Records drawn from a dataset:
○ ○ ○ ○ ○ ○ ○
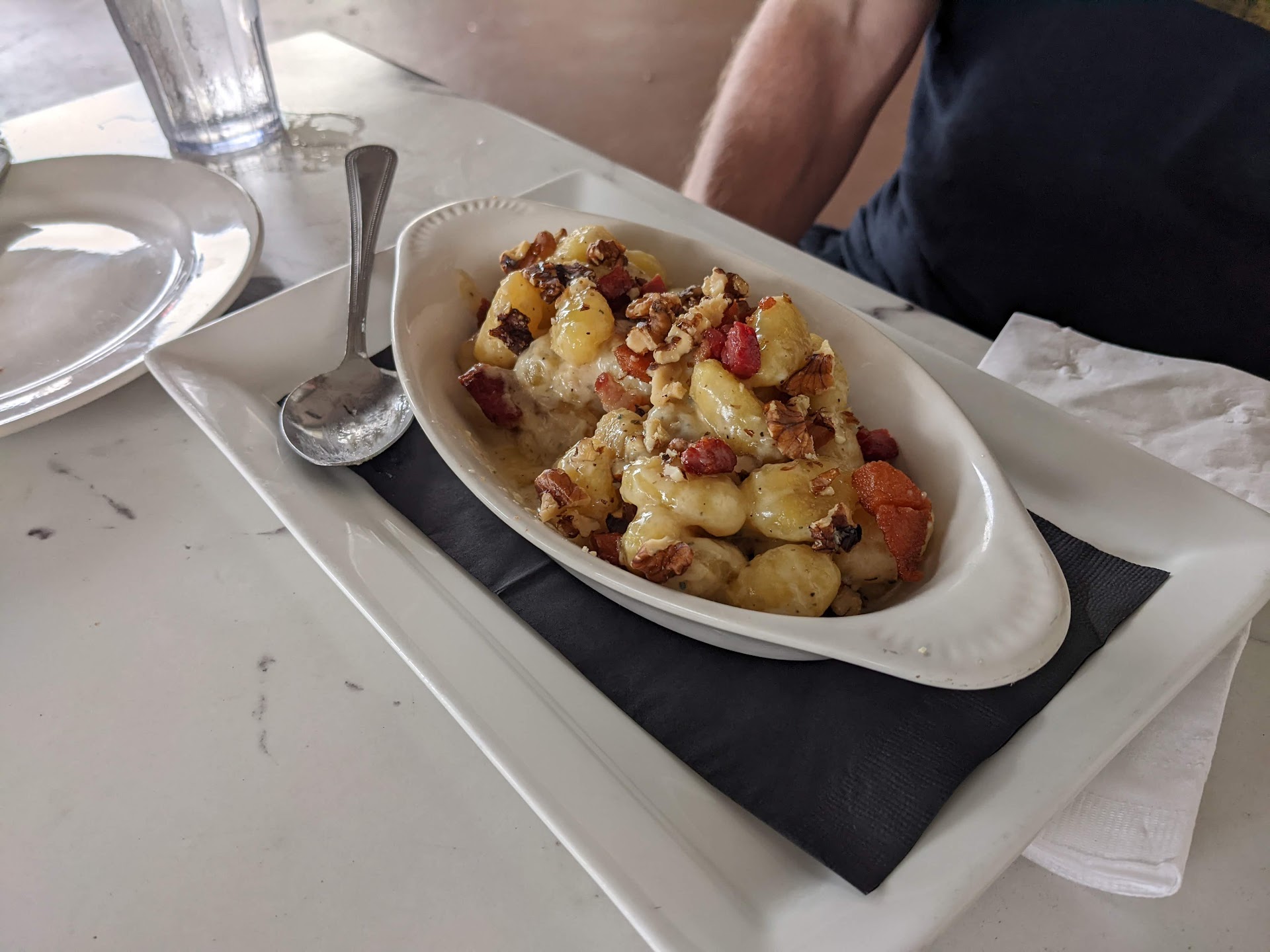 For entrees I got the cacio e Pepe with a side of meatballs. Meatballs are definitely some of the better meatballs Iâve had here in StPete/Tampa. The meatballs bathed in their delicious marinara sauce. Theyâre fairly big in size and pack great taste. Cacio e Pepe was delicious. Noodles were cooked just right, and the light white sauce was perfect, not too salty not too bland. 5/5
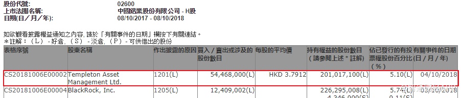智通财经APP获悉,根据香港联交所资料显示,Templeton Asset Management Ltd于10月4日减持中国铝业(02600)5447万股,每股作价3.79港元,套现约2.06亿港元,最新持股量降至5.1%。
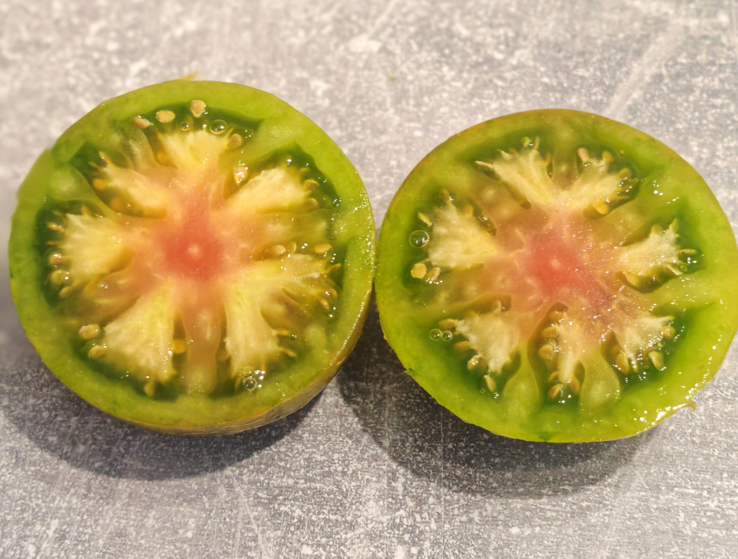 Kolor/ Kształt: Owoce to befsztyk, GWR, o niskiej kwasowości, mięsisty, soczysty i po prostu cudowny! Dojrzałe mają bursztynowo-zielony kolor z fragmentami intensywnego różu na zewnątrz. Wnętrze było jeszcze ładniejsze i stanowiło marmoladę, soczyste, pestkowe dzieło sztuki w kolorze żółto-zielono-intensywnego różu!
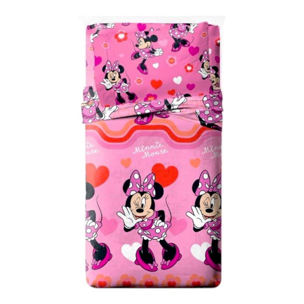 Set lenjerie pat, 4 piese, husa saltea 160x200 cm, cearceaf pat 240x280 cm, 2 fete perna 50x70 cm, multicolor, Minnie Mouse Setul de lenjerie de pat cu 4 piese, cu design Minnie Mouse, este alegerea potrivita pentru camera copiilor care adora universul Disney. Cu un model multicolor, jucaus si plin de farmec, acest set aduce un plus de culoare si stil in orice dormitor. Setul contine o husa de saltea 160x200 cm, un cearceaf de pat 240x280 cm si doua fete de perna 50x70 cm, toate fabricate din materiale delicate, confortabile si usor de intretinut. Imprimeul plin de viata si detaliile atent realizate creeaza o atmosfera deosebita si prietenoasa in spatiul de odihna.
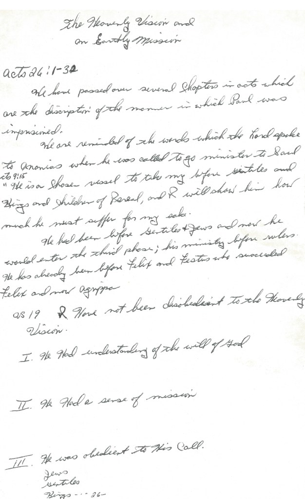 Acts 26:19 “I have not been disobedient to the Heavenly vision.”
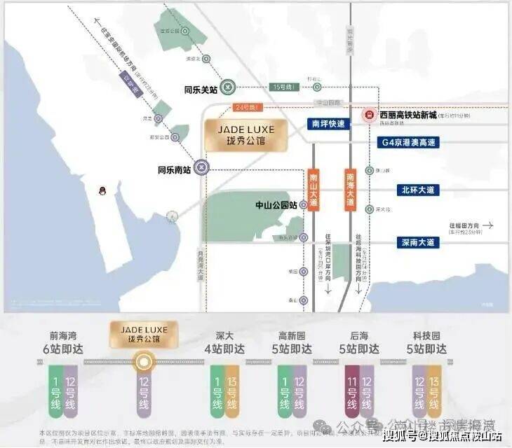 项目拥有“3地铁+3枢纽+2纵4横路网”的多维立体交通体系,通勤效率与出行便捷度兼具。已运营的地铁12号线同乐南站距离项目仅约500米,步行6-8分钟即可抵达,乘坐该线路4站约12分钟可达科技园核心区,5站约15分钟覆盖高新园,无缝衔接南山科创核心板块。在建的地铁15号线同乐关站距离项目约1.2公里,预计2028年12月开通,作为深圳“一环线”,未来将串联宝中、前海、深圳湾、西丽等核心区域,进一步拓宽出行辐射范围;规划中的24号线开通后,4站可直达高新园,强化与科技产业带的紧密连接。枢纽方面,项目距离在建的西丽高铁站约2.3公里,预计2028年建成通车后,1小时可抵达广州、东莞等大湾区城市;临近宝安国际机场(约15公里)和深圳湾口岸(约10公里),满足商务出行与跨境需求。路网规划上,依托“2纵4横”交通动脉,2纵即中山园路链接南山大道、南海大道,4横包括京港澳高速、南坪快速、北环大道、深南大道,自驾15分钟可覆盖福田中心区、宝安中心区等区域,至科技园约12分钟,前海约18分钟,留仙洞总部基地约10分钟,高效衔接城市各大核心板块。
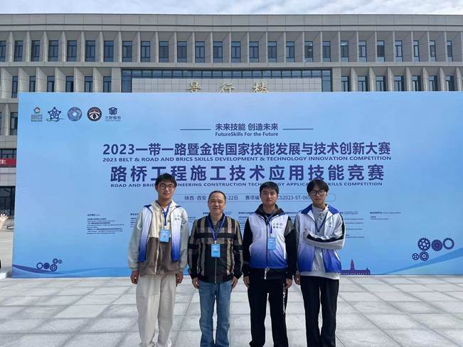 (通讯员 周小勇 童宋金)10月20日至22日,2023一带一路暨金砖国家技能发展与技术创新大赛之路桥工程施工技术应用赛项总决赛在陕西西安举办,这是由金砖国家工商理事会中方理事会、一带一路暨金砖国家技能发展国际联盟、中国科协“一带一路”暨金砖国家技能发展与技术创新培训中心主办,中国发明协会、教育部中外人文交流中心联合主办的赛事。来自全国43所高校75支队伍参赛队伍同台竞技。我院周小勇和欧阳辉两名教师指导的参赛队伍谭坤、童宋金、何柳星三名同学,经过激烈角逐,夺得银牌,斩获二等奖,中国地质大学(武汉)荣获优秀组织奖。
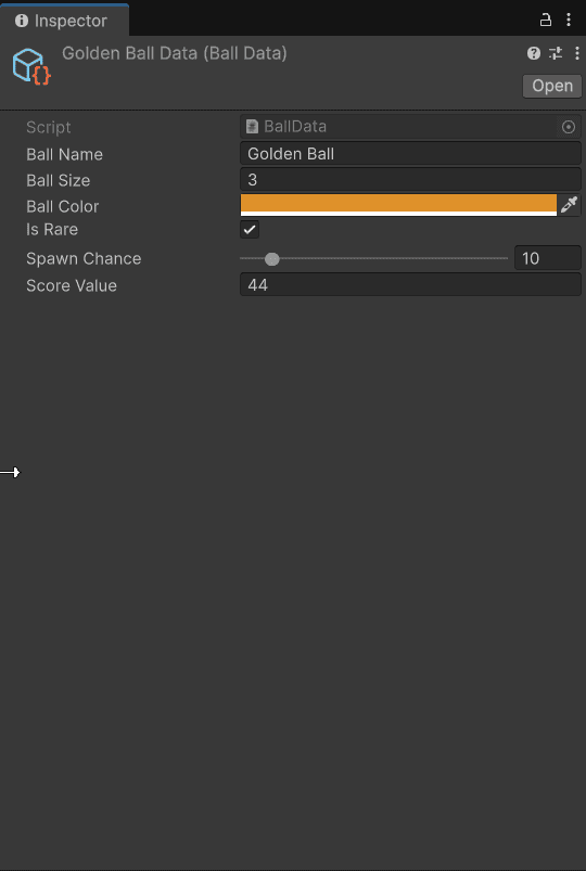 Data-Driven Design (ScriptableObjects): Completely decoupled game logic from data. Ball types, colors, score values, spawn chances, and power-ups are all defined via ScriptableObjects, allowing for rapid balancing and the addition of new content without touching the codebase.
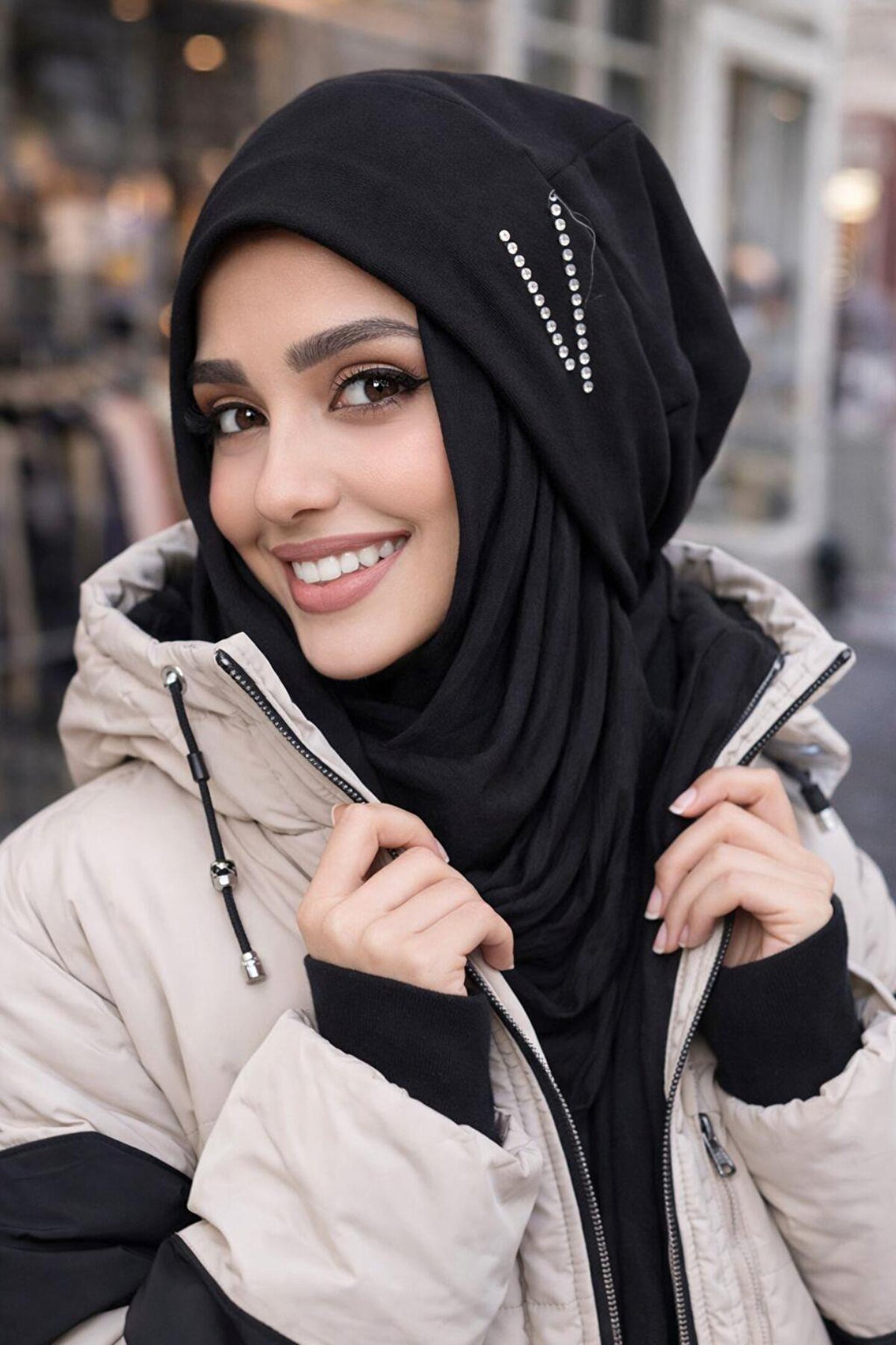 Aişe tesettür Siyah Taşlı Tesettür Bere
○ ○ ○ ○ ○ ○ ○
| WHAT THIS TASK INVOLVES |
Pictures do not belong in your copy; restate word for word the lines from the one containing "have not been" through the last line of the records above.

| RESULT |
 Acts 26:19 “I have not been disobedient to the Heavenly vision.”
 项目拥有“3地铁+3枢纽+2纵4横路网”的多维立体交通体系,通勤效率与出行便捷度兼具。已运营的地铁12号线同乐南站距离项目仅约500米,步行6-8分钟即可抵达,乘坐该线路4站约12分钟可达科技园核心区,5站约15分钟覆盖高新园,无缝衔接南山科创核心板块。在建的地铁15号线同乐关站距离项目约1.2公里,预计2028年12月开通,作为深圳“一环线”,未来将串联宝中、前海、深圳湾、西丽等核心区域,进一步拓宽出行辐射范围;规划中的24号线开通后,4站可直达高新园,强化与科技产业带的紧密连接。枢纽方面,项目距离在建的西丽高铁站约2.3公里,预计2028年建成通车后,1小时可抵达广州、东莞等大湾区城市;临近宝安国际机场(约15公里)和深圳湾口岸(约10公里),满足商务出行与跨境需求。路网规划上,依托“2纵4横”交通动脉,2纵即中山园路链接南山大道、南海大道,4横包括京港澳高速、南坪快速、北环大道、深南大道,自驾15分钟可覆盖福田中心区、宝安中心区等区域,至科技园约12分钟,前海约18分钟,留仙洞总部基地约10分钟,高效衔接城市各大核心板块。
 (通讯员 周小勇 童宋金)10月20日至22日,2023一带一路暨金砖国家技能发展与技术创新大赛之路桥工程施工技术应用赛项总决赛在陕西西安举办,这是由金砖国家工商理事会中方理事会、一带一路暨金砖国家技能发展国际联盟、中国科协“一带一路”暨金砖国家技能发展与技术创新培训中心主办,中国发明协会、教育部中外人文交流中心联合主办的赛事。来自全国43所高校75支队伍参赛队伍同台竞技。我院周小勇和欧阳辉两名教师指导的参赛队伍谭坤、童宋金、何柳星三名同学,经过激烈角逐,夺得银牌,斩获二等奖,中国地质大学(武汉)荣获优秀组织奖。
 Data-Driven Design (ScriptableObjects): Completely decoupled game logic from data. Ball types, colors, score values, spawn chances, and power-ups are all defined via ScriptableObjects, allowing for rapid balancing and the addition of new content without touching the codebase.
 Aişe tesettür Siyah Taşlı Tesettür Bere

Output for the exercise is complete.